For Reading and Meditation:
Acts 4:1-12
We looked yesterday at the statement to the effect that all religions are the same. We must watch out for such statements, for when they are repeated over and over again, and by seemingly sincere people, we can be brainwashed into accepting them. In 1966, when the first multi-faith service was held in an Anglican church in London, in which Hindus, Buddhists, Muslims, and Christians took part on equal terms, some Christian newspapers described it as a "betrayal of the faith." Nowadays there is hardly a mention of such services although they take place regularly in different parts of our nation, and also in other countries. People seem to have given up the idea of syncretism - the idea that all religions can be fused into one - and are focusing more on pluralism-the recognition of each faith as being of equal value. I take my stand with Dr.

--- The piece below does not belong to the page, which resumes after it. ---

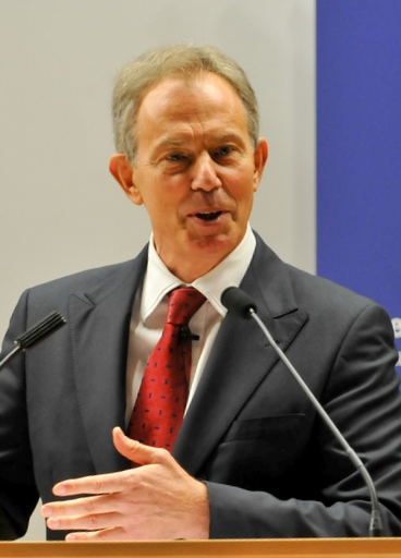 Tony Blair speaking at Policy Network's 'Politics of Climate Change' conference in 2009.
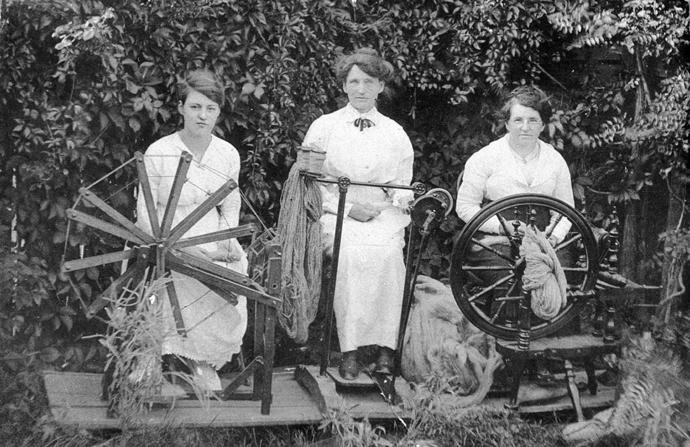 Photograph of three women spinning wool to knit socks for soldiers during World War I - Tenterfield, NSW, ca. 1915. Photographer unknown. Notes: Find more detailed information about this photograph: .au/item/itemDetailPaged.aspx?itemID=394773 From the collection of the State Library of New South Wales

Visser't Hooft who said: "It is high time that Christians should rediscover that Jesus Christ did not come to make a contribution to the religious storehouse of mankind, but that in Him God reconciled the world unto Himself." The words of our text for today were displayed outside a church in London until the minister was told by the local authority to take the poster down as it offended some local inhabitants who were adherents of other faiths. "It is not the best way to love one's neighbor as oneself" was how one critic put it. But how can we love our neighbor as ourselves if we make no attempt to share with them the knowledge of salvation in Jesus Christ?
O Father, in an age when the faith once delivered to the saints is being watered down, deepen my understanding of it so that I may contend for it without being contentious. In Christ's Name I pray. Amen.